On the other hand, the influence of the stress hormone cortisol on the post-spawning death of fish has also been suggested. Cortisol is particularly crucial, representing the most important hormonal regulatory mechanism in fish, combining the functions of both glucocorticoids and mineralocorticoids observed in mammals [39,40,41]. Cortisol influences fish metabolism of carbohydrates, proteins, and lipids, primarily by mobilizing energy reserves through glycolysis and gluconeogenesis, ensuring sufficient energy supply to support reproductive activities [42]. In fish, cortisol levels in the blood increase during maturation and then return to normal levels. However, in the Atlantic salmon, a representative semelparous fish, cortisol levels remain elevated even after spawning and subsequent decline [43]. Prolonged cortisol stimulation can lead to severe energy depletion. Cortisol can induce muscle atrophy by degrading proteins through the ubiquitin–proteasome system and autophagy–lysosome pathway [44]. Elevated cortisol levels also increase cellular oxidative stress, inducing apoptosis across various cell types causing DNA damage and cellular senescence [45]. Although ayu and pacific salmon belong to different orders within the class Actinopterygii, with ayu classified under Osmeriformes and salmon under Salmoniformes, both species follow this semelparous reproductive strategy. However, current research on cortisol hormone secretion and concentration in ayu before and after spawning remains limited.

Our PPI network analysis revealed that the function of the potentially critical protein network, centered around gapdh, involved in glycolytic and carbohydrate catabolic processes, declines in ayu skeletal muscle after spawning. Dysfunction of these protein networks, including gapdh causes abnormal energy metabolism in the muscles, resulting in a decline in muscle function. Additionally, it has become clear that gapdh, in addition to its role as a glycolytic enzyme, also plays roles in stress resistance, cell death, and DNA repair [34]. Dysfunctions in these roles are directly linked to aging. While a direct relationship between cortisol and gapdh is not known, the NAD⁺/NADH ratio imbalance caused by gapdh metabolic dysfunction can also be observed with cortisol excess in mice [46]. The synergistic effect of metabolic abnormalities caused by excess cortisol and the dysfunction of the gapdh cascade may influence the rapid aging and death of semelparous fish after spawning.

While our findings are based on bioinformatic exploration, further biological experiments and validation are needed to support our hypotheses. Moreover, our study is based on skeletal muscle tissues; other tissues during spawning remain to be elucidated. Nevertheless, our study provides valuable data for future investigations into the spawning aging and mortality of ayu, contributing to the broader understanding of semelparous reproduction in fish species.

4. Materials and Methods

4.1. Sample Collection

All animal experimentations were in accordance with the University of Tokyo Animal Experiment Implementation Manual. Farmed ayu were sampled from the Gunma Prefecture Fisheries Experiment Station in Japan Gunma Prefecture.

On 31 July 2019, approximately one month prior to the spawning season of ayu, we collected 3 females and 3 males from an artificially bred group as the before spawning samples. Following artificial insemination and egg collection on September 3, 59 males and 59 females were cultivated in FRP tanks (4.0 × 1.5 × 0.9 m) with recirculating system in large outdoor water and temperatures maintained at approximately 17–19 °C. The fish were provided with daily feedings, and mortalities were recorded until all individuals had died. Additionally, regular measurements were conducted to monitor the body weight of ayu.
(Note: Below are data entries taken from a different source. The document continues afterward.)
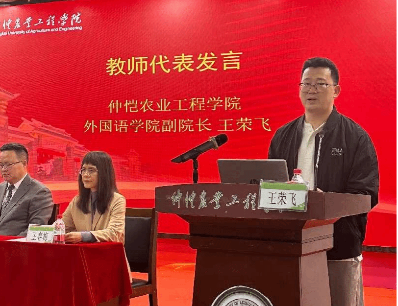 外国语学院王荣飞副院长作为教师代表进行发言。王老师表示,作为教师,深感责任重大,既要传授知识,也要引导学生健康成长,希望学生要勤奋学习,有针对性的学习,要求实创新,严于律己,正确处理好工作、生活、家庭和学习的关系。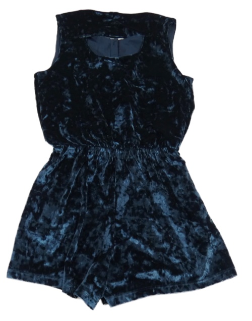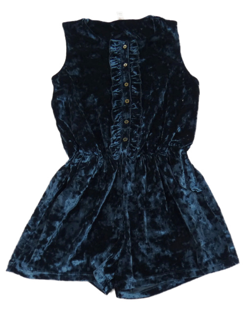 Petrolejový lesklý sametový kraťasový slavnostní overal s volánky Tu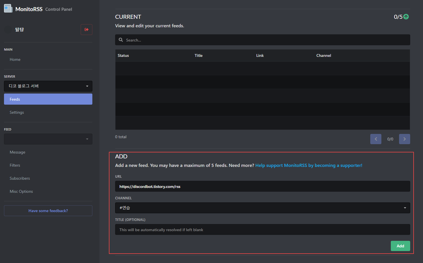 다음과 같이 빈칸에 RSS URL과 올라올 채널을 설정해주시고 Add를 눌러주시면 됩니다.
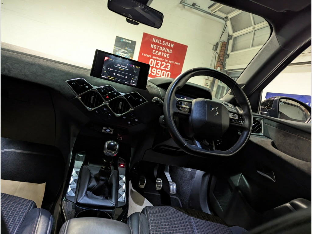 FREE 2-YRS PARTS & LABOUR WARRANTY. Hailsham Motoring Centre are pleased to be offering this ULEZ compliant 2019 DS DS 3 1.2 PureTech Performance Line 5dr for sale, with ONLY ONE OWNER FROM NEW and 20,400 miles. This car comes with MAIN DEALER SERVICE HISTORY, and will leave with an interim service, new MOT and a PDI. Finished in metallic Perla Nera black with grey cloth trim which adds a touch of sophistication.**WHY BUY FROM US****Established In 1980****24 Month Warranty On All Cars Over £2995, & Those Not Covered By A Manufactures Warranty** ** All Our Cars Are Hpi Clear So You Can Buy With Confidence****Competitive Finance Rates Subject To Status****Multi Branches****Open 7 Days a Week Inc Bank Holidays****Monday - Friday - 8.30am to 6pm****Saturday - 9.00am to 5pm****Sunday - 10am to 4pm****Bank holidays 10am to 4pm**For more pictures and a walk around video please go to https://www.hailshammotoringcentre.co.uk/Please call to arrange viewing and a test drive on01323 449900.Here at Hailsham Motoring Centre, we have up to 50 cars & a small selection vans on show, also at our Hampden Park branch we have up to 50 further cars & a small selection vans available for viewing, please call 01323 507307 for more info.For more information on our DS3 please see the benefits below as stated,  uetooth handsfree and media steaming with 1a usb socket, ds connect box emergency and assistance system, ds sensorial drive in cashmere/ titanium modes, mirror screen with mirror link, apple carplay and android auto, multi function on board trip computer, pas, rear parking sensors, service indicator, speed limit recognition and speed warning, dab digital radio, usb connection, acoustic and tinted front and rear windscreens, automatic lights, automatic triggered rear windscreen wiper in reverse gear, body coloured bumpers, chrome door handles, chrome front door sill trim, dark tinted rear windows, ds monogram on rear tailgate, electrically adjustable door mirrors, electrochrome door mirrors, flush fitting exterior door handles, front and rear electric windows, gloss black exterior door mirrors, halogen headlights, heated door mirrors, heated rear windscreen, led rear number plate lights, single exhaust tailpipe, 12v socket, 60/40 split rear seat back, adjustable front and rear headrests, adjustable steering wheel, aluminium sports pedals, bag support hooks in the boot, black roof liner, boot light, driver and passenger sunvisors with illuminated led vanity mirrors, front + rear carpet mats, front and rear led reading lights, front central armrest, front/rear passenger grab handles, height adjustable front seats, odour filter, perforated leather steering wheel with contrast stitching - black, premium seat with comfort foam and pads & map pocket, twin front cupholders, two rear isofix mounting points, woven cloth/alcantara upholstery, 3x3 point rear seatbelts, abs, airbags - front / rear lateral and curtain airbags, electric parking brake, esp, height adjustable front seatbelts with pretensioners and front and rear load limiter, hill assist control, seatbelt warning, tyre pressure monitoring system, warning triangle on boot lid, immobiliser, locking wheel nuts, perimetric and volumetric anti theft alarm, remote central locking + deadlocks, performance line monogram on the dashboard, red carmine centre caps with ds logo, 24 months warranty free, 17'' Alloys

Given the observed differences in post-spawning survival rates between males and females, post-spawning sampling was performed when more than half of each gender’s population had died. Specifically, three females were sampled on October 3 (31 days post-spawning), and three males were sampled on November 6 (65 days post-spawning), as shown in Figure 1C.

The collected ayu individuals were dissected locally immediately following euthanasia via decapitation. Skeletal muscle tissue samples were extracted from the upper trunk region near the pectoral fins. The tissue samples were promptly immersed in NucleoProtect RNA (Takara Bio, Shiga, Japan) solution, stored at −30 °C, and used for mRNA extraction within one week.
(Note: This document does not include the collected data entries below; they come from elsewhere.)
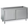 Réalisation en inox AISI 441 épaisseur 10/10 Top renforcé et insonorisé Bords tombés de 40 mm Piètement tube carré de 40 x 40 en inox AISI 441 avec pieds inox réglables 3 bords tombés avec dosseret arrière de 85 mm Avec ou sans étagères Profondeur 600 ou 700 mm.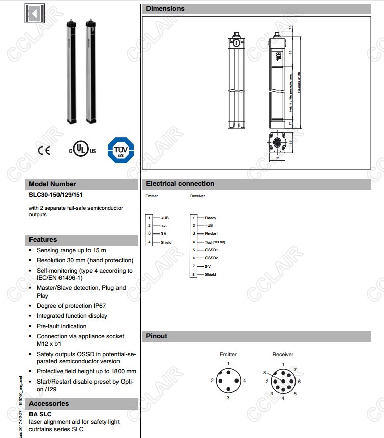 SLC30-1200/151,SLC30-1200/151,SLC30-1350/129/151,SLC30-1350/151,SLC30-150/129/151,安全光柵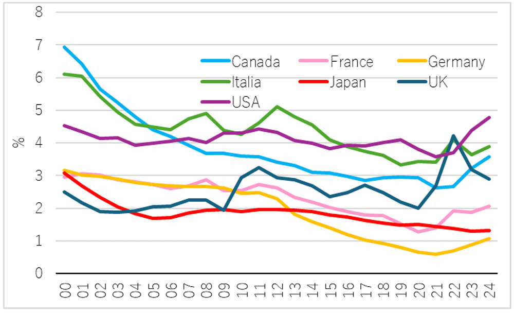 International G7 data shows a significant divergence between these indicators in the Japanese context.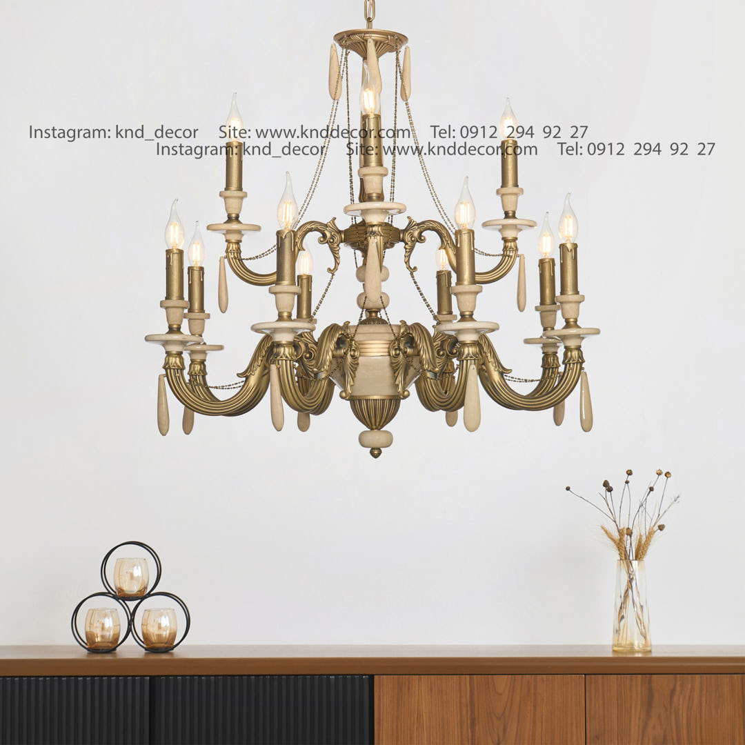 لوستر دایانا آنتیک سنگ کرم آویز سنگ 12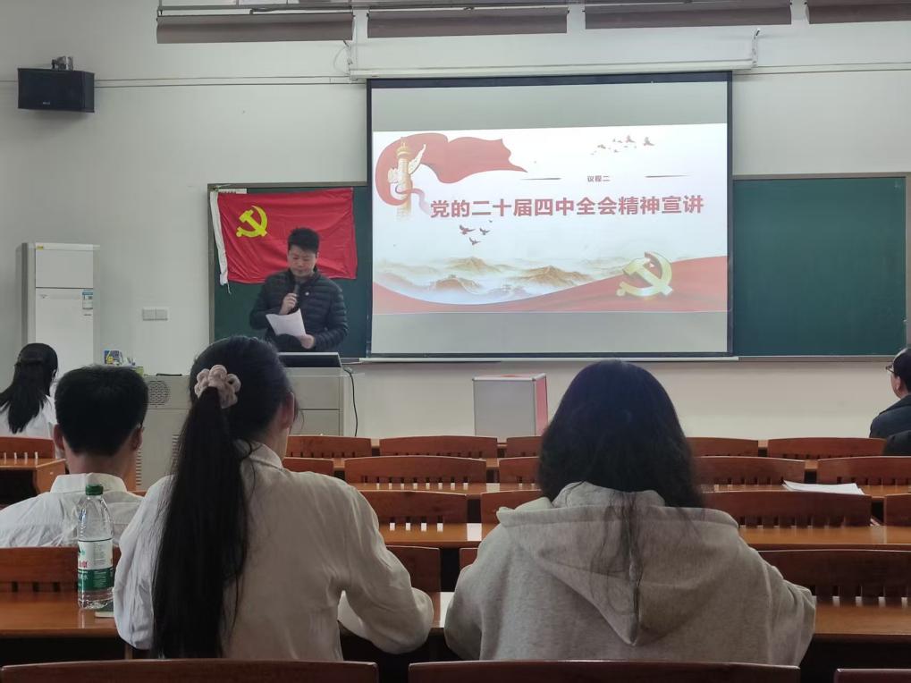 为深入学习贯彻党的二十届四中全会精神,进一步统一思想、凝聚共识,切实把学习成果转化为推动支部建设与青年发展的实际行动,2025年12月16日上午8:30-10:00,9428cn太阳集团古天乐学生第二党支部于定静楼2A203教室召开全体党员大会,集中学习领会全会精神,党支部书记王浩铸老师为参会学生党员讲授专题党课。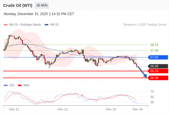 在 57.50 之下,看跌,目标价位为 56.70 ,然后为 56.30 。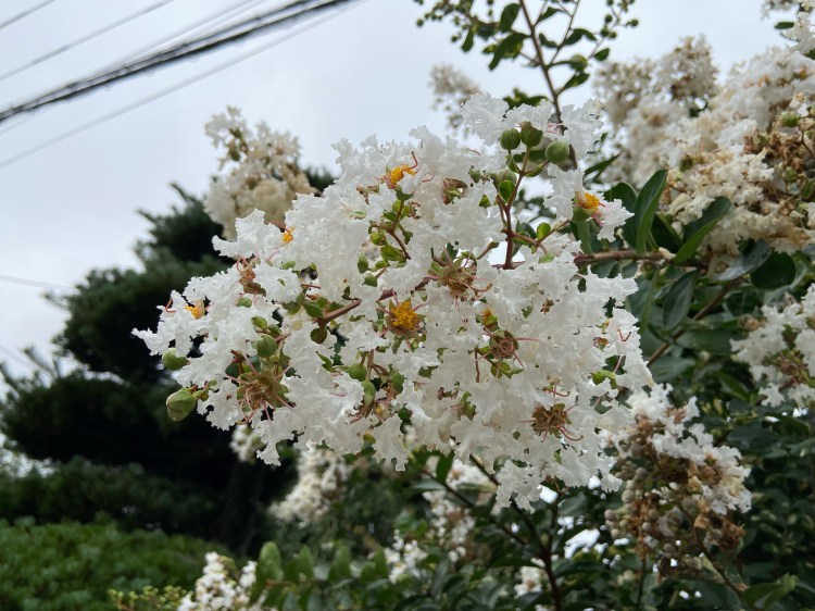近所でキレイな花を見つけた。猿も滑るとされるツルツルの幹を持つ「サルスベリ」の花だ。子どもの頃、「サルスベリ」の木を撫でてうっとりしていたのを思い出す。「サルスベリ」は漢字でかくと「百日紅」となるそうだ。近所の百日紅の花は白色で細かいフリルが美しい。他の場所ではピンク色。今の時期満開だ。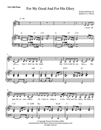 • Sheet Music (Trio arrangement/piano accomp.) Key of G to Bb The price below is per copy. If you need more than one copy, please order accordingly.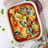 Muschelnudeln in reichlich Salzwasser bissfest garen, abseihen und beiseitestellen.Zwiebeln und Knoblauch abziehen und klein würfeln.1 EL Olivenöl in einem Topf erhitzen, die Hälfte der gewürfelten Zwiebeln sowie Knoblauchzehen darin anrösten.Tomatenmark zugeben und für 1-2 Minuten weiterrösten. Mit Pomìto passierten BIO Tomaten ablöschen und mit den Tomatenstücken aufgießen.Oregano zugeben und auf kleiner Flamme ca. 10 Minuten köcheln lassen.Nun den Spinat waschen, gut abtropfen lassen, gegebenenfalls in der Salatschleuder trockenschleudern und anschließend grob hacken.Öl in einer Pfanne erhitzen, die restlichen Zwiebel- und Knoblauchwürfel goldbraun anrösten.Den Spinat portionsweise in die Pfanne geben und unter ständigem Rühren braten bis er zusammenfällt.Frischkäse in die Pfanne geben und auf kleiner Flamme schmelzen lassen.Die Spinatmasse etwas abkühlen lassen.Den Backofen auf 200 Grad vorheizen.Die Tomatensauce in eine ofenfeste Auflaufform Form füllen, die vorgekochten Nudeln mit der Spinat-Frischkäse-Masse füllen und in die Auflaufform schichten.Auflaufform abdecken und für ca. 25 Minuten im Backofen backen.Vor dem Servieren mit frischem Parmesan bestreuen.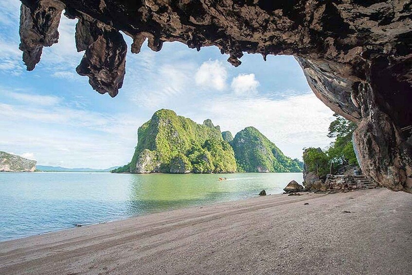 Our guide introduced us to Phang Nga Bay and explained the day's flexible itinerary, which would adjust based on tidal conditions. Our first stop was at Koh Hong, known as “Room Island,” where we were led by friendly and humorous paddle guides. They took us through narrow entrances into a labyrinth of hidden lagoons surrounded by rugged limestone cliffs, offering stunning views and photo opportunities.

4.2. Preparation of cDNA Library and Sequencing

Total RNA was extracted from the collected tissue samples using TRIzol ( Invitrogen, Carlsbad, CA, USA according to the manufacturer’s protocol. All extracted RNA samples were treated with DNase I (Takara Bio, Shiga, Japan) to remove residual DNA. The integrity of RNA was assessed on Agilent 2100 TapeStation using RNA ScreenTape(Agilent, Santa Clara, CA, USA). For library construction, samples collected before spawning with RIN values > 7 were selected. Due to the challenging cellular and tissue environment for RNA stability in after-spawning ayu, as they are typically subject to muscle atrophy and increased mortality risks, after-spawning samples with RIN values > 6 were used for subsequent library construction. Strand-specific sequencing libraries were prepared using the Illumina Stranded mRNA Prep Kit (Illumina, San Diego, CA, USA) with slight modifications to the manufacturer’s protocol. Library size and concentration were assessed on an Agilent 2100 TapeStation using D1000 ScreenTape(Agilent, Santa Clara, CA, USA). Finally, the libraries were pooled and sequenced on the Illumina HiSeq X system.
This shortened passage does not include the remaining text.